Reconstituted Nonfat Milk Research Articles

Effects of Antibiotics on Proteinase-Positive and Proteinase-Negative Variants of Streptococcus cremoris

The growth and acid-producing ability of proteinase-positive and proteinase-negative starter cultures were studied in the presence of several antibiotics commonly used in treating bovine mastitis. Proteinase-positive and proteinase-negative variants of two different strains of Streptococcus cremoris were inoculated separately into heat-sterilized, reconstituted nonfat milk containing a range of concentrations of either dihydrostreptomycin, erythromycin, or penicillin G. Generation times and pH changes were determined for each sample following incubation at 38°C for 5h.At 2% inoculation, proteinase-positive cultures produced more pH change than their proteinase-negative counterparts at all concentrations of all three antibiotics. Proteinase-negative cultures at 8% inoculation produced more acid than proteinase-positives did when inoculated at 2%. Generation times for proteinase positives and proteinase negatives were the same when both cultures were inoculated at 2%, but 8% inoculation of proteinase negatives produced significantly shorter generation times. Increases in antibiotic concentrations affected proteinase-positives more than proteinase-negatives in both pH change and generation time. Penicillin affected both proteinase positives and negatives more than the other two antibiotics did but affected positives more than negatives.

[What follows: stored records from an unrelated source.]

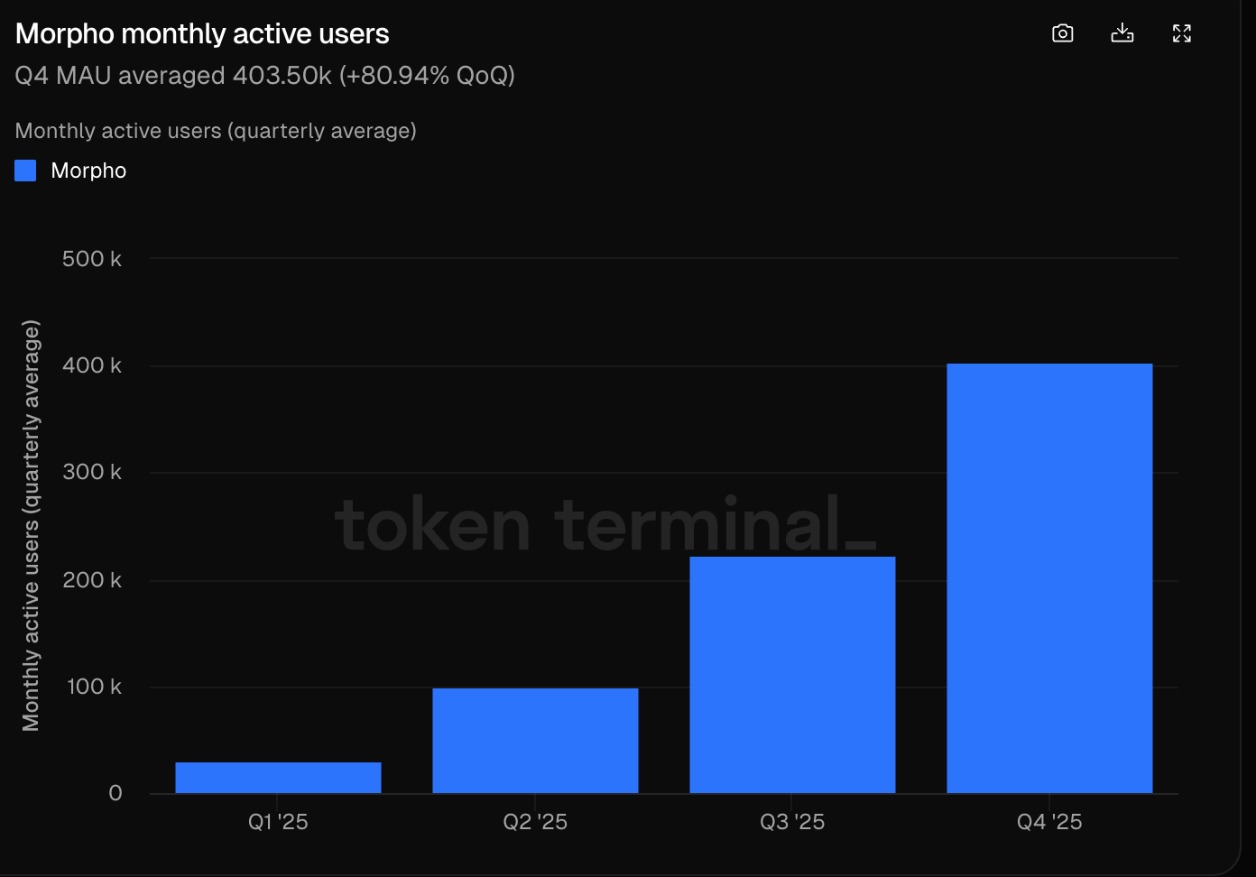 雖然 Morpho 當前 TVL 和活躍貸款規模仍不及 Aave,但用戶增速已使其成為借貸賽道裡最猛的「黑馬」之一。尤其在 2025 年整個 DeFi 賽道普遍承壓、經歷陣痛的背景下,Morpho 的表現可以算是實現逆勢高增長,足以證明其產品模式經受住了市場考驗。而在熊市中能持續吸納資金和用戶的協議,往往在下一輪週期具備更強的爆發力。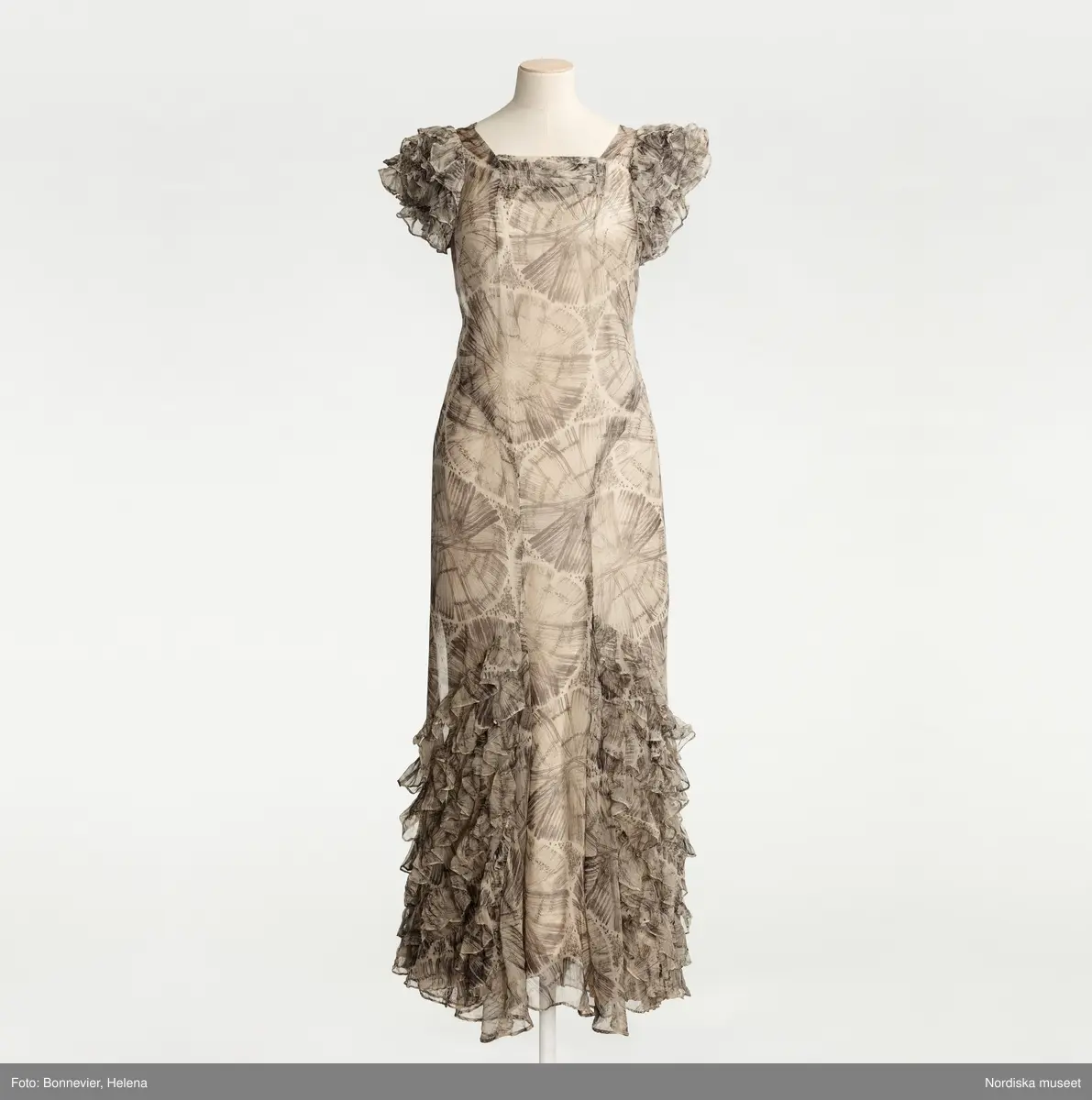 Transparent klänning av sidenorganza med abstrakt mönster. Den bars med en mauvefärgad underklänning, svarta pumps och krokodilväska. Beställd från NK:s Franska damskrädderi av modisten Stanny Berlin född Westberg (1893-1954). Troligen levererad under 1930-talet.
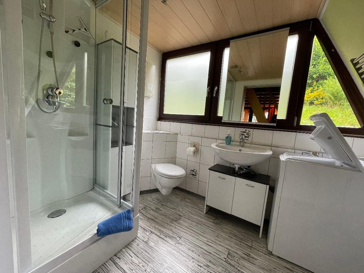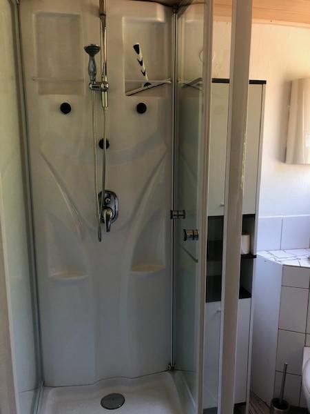 Wellness-Dusche, WC, Waschbecken, großer Spiegel, elektronischer Durchlauferhitzer, Haartrockner, Handtuchheizkörper, Waschmaschine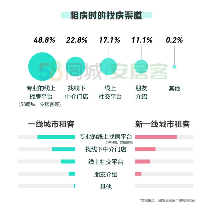 在找房渠道方面,48.8%的租客会通过58同城、安居客等专业线上找房平台寻找合适房源,有22.8%的租客会通过线下中介门店找房。新一线城市中通过线上平台找房的租客占比50.7%,占比高于一线城市。通过安居客等优质的线上找房平台已成为租客找房的“习惯性”行为。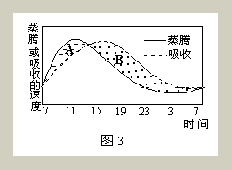 图2中曲线与纵坐标和横坐标围成的面积的含义分别为,在横坐标以下表示相应的时段内有机物(以CO2的吸收量表示)的净消耗量,在横坐标以上表示在相应的时段内,有机物(以CO2的吸收量表示)的净产生量即积累量,要求一昼夜中的有机物的积累量,应将横坐标以上曲线与坐标所围成的面积减去横坐标以下曲线与坐标轴所围成的面积。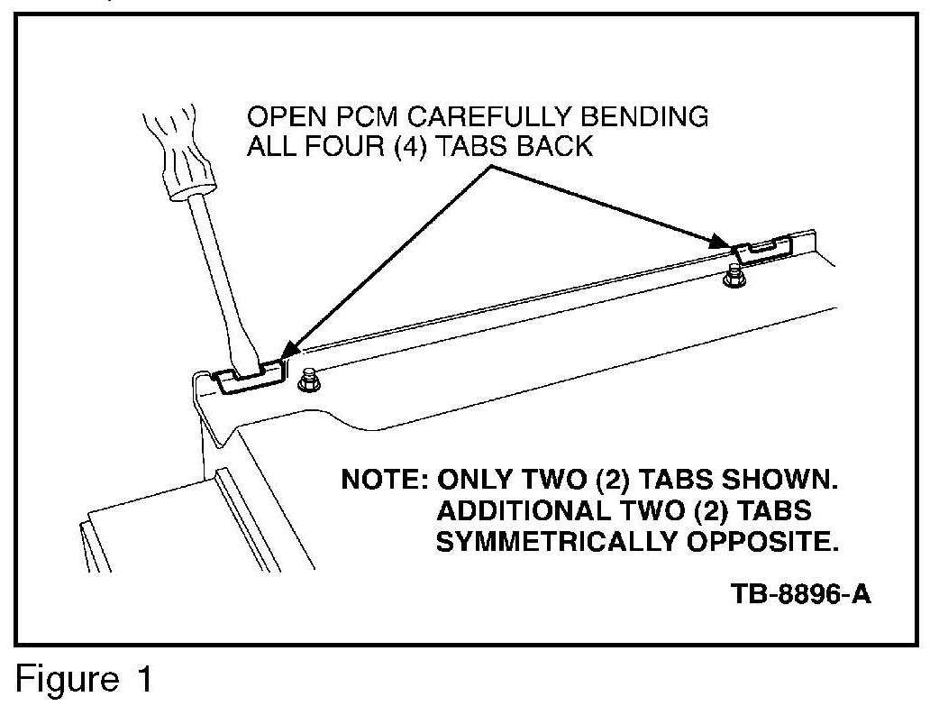 2. Remove the PCM cover by carefully bending back the four (4) retaining clips holding the galvanized metal cover to the top plate. (Figure 1)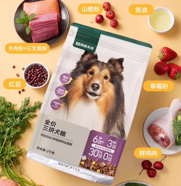 主要成分:網易嚴選狗糧的主要成分爲雞胸肉、鮮雞腿肉、鮮雞肉和鮮雞幹,佔比超過80%。
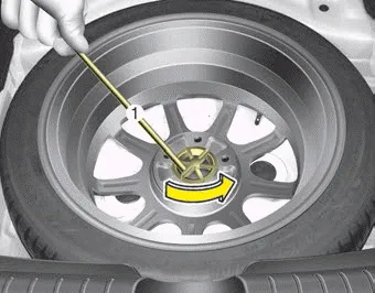 1. Put the jack handle (1) inside of the tire hold-down wing bolt.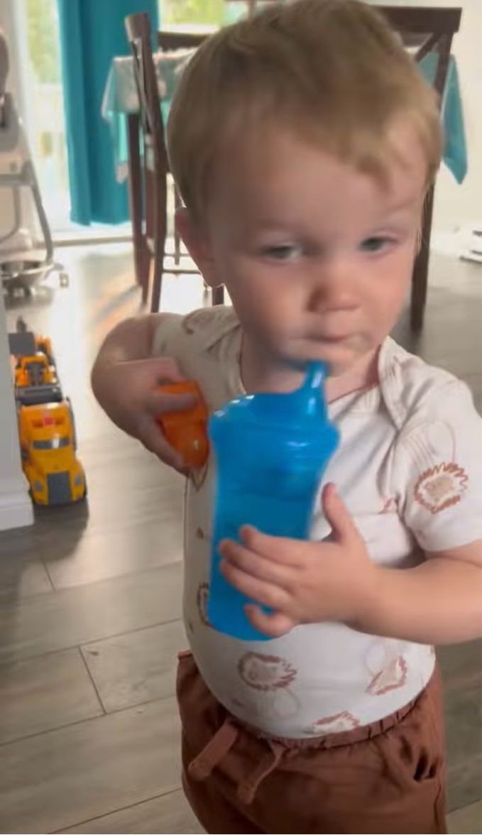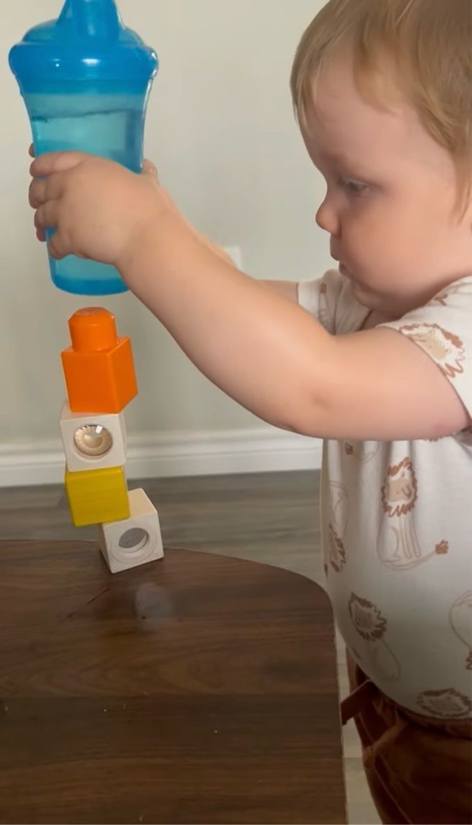 カメラの前には、1歳半の男の子の姿が。 その手には、飲み物が入ったマグとブロックが握られています。
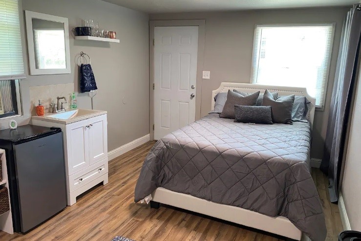 This space is perfect for a weekend getaway or traveling working professionals. No kitchen? That's no problem, as you are minutes away from downtown dining. The quiet neighborhood has plenty of street parking with your own gate entrance.

Relationship between Titratable Acidity and pH during Lactic Acid Fermentation in Reconstituted Nonfat Milk

Summary Titratable acidity and pH measurements were made during lactic acid fermentation in reconstituted nonfat milk ranging from 9 to 20% solids. Measurements were made on the reconstituted products and also on the corresponding whey obtained therefrom. The results, which are presented in graphic form, show the relationship of the titratable acidity, pH, and solids concentration during fermentation down to pH 4.4. Before fermentation, an initial apparent acidity of 0.16% in nonfat milk containing 9% solids increased 0.02% acidity for each additional 1% increase in solids reconstituted, accompanied by a slight decrease in pH from 6.6 to 6.4. During lactic acid fermentation proportionately greater increases in titratable acidities of both the reconstituted products and whey were observed for each additional 1% solids increase. At pH 4.6 both the reconstituted solids and whey showed a 0.06% increase in titratable acidity for each 1% increase in the original solids concentration. Good quality cultured buttermilk was obtained, using reconstituted nonfat milk containing 11% solids and developing the titratable acidity to 0.90-0.95% at pH 4.5 to 4.4. Using the short-time method, satisfactory cottage cheese was obtained using nonfat milk containing 13% solids, cutting the curd at a clear whey titratable acidity of 0.62% at approximately pH 4.8, and permitting additional acid development to a final pH of 4.7 to 4.6.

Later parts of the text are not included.